In this matter, petitioner argues that even if the ERAP monies become available and respondents are approved, it would be a prejudicial exercise in futility to continue the stay as petitioner seeks to recover possession of the apartment for his use and for that of his immediate family. It is undisputed that the subject premises is in an unregulated residential building with four or fewer units. There is no current lease for the premises. Petitioner has notified respondents that he does not intend to and will not renew the lease. The remaining occupant, the undertenant, does not have succession rights to the premises nor any other independent possessory right or interest and resides in a unit where a termination notice has been served. Section 8(iv) of the Act provides that a landlord or property owner who accepts ERAP payment for rent or arrears "may decline to extend the lease or tenancy if the landlord intends to immediately occupy the unit for the landlord's personal use as a primary residence or the use of an immediate family member as a primary residence." This court finds it would be counterintuitive and prejudicial to preclude Petitioner from challenging an ERAP stay where approval of the application will not result in the preservation or creation of a tenancy.

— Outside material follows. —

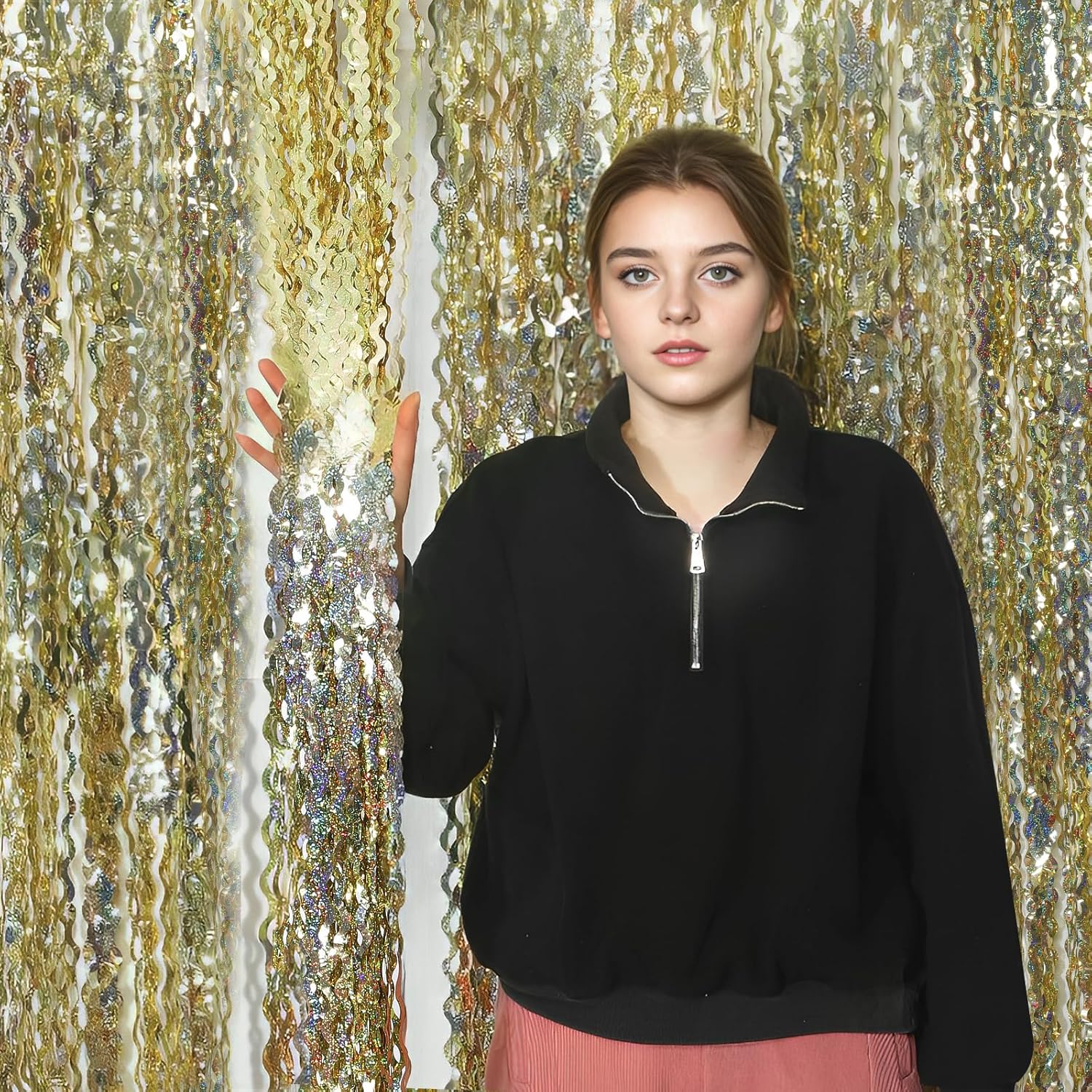 - Package Contents: 4 pack champagne gold wavy foil fringe curtains,each curtain is 3.3ft x6.6ft,You can cut the metallic backdrop into the suitable length for use,Wonderful accessories for decorating doors and walls

In summary proceedings courts may examine the question of restoration to possession in the context of a lockout proceeding, even where a party may have been illegally locked out. The courts in the Second Department do not grant or require restoration in proceedings where restoration would be "futile." See, e.g. Bernstein v. Rozenbaum , 20 Misc 3d 128(A), AT, 2nd Dept. 2008), Parkash 2125 LLC v. Galan , 61 Misc. 502, 84 NYS3d 724, 2018 NY Slip. Op. 28273 (Civ Ct. Bronx County 2018) and Cordova v. 1217 Bedford Realty LLC , 67 Misc 3d 1206(A) (Civ Ct Kings 2020). Here, under the specific facts of this case, even if respondents’ ERAP application is approved and petitioner accepted the funds, the payment of funds through the ERAP program would not reinstate the landlord-tenant relationship. Consequently, allowing the stay to continue is an exercise in futility and prejudicial to petitioner.
Based on the foregoing, the Court grants petitioner's motion to the extent of vacating the ERAP stay. The matter will be restored to the Calendar for a conference on the merits. The clerk will notify the parties of the date and time.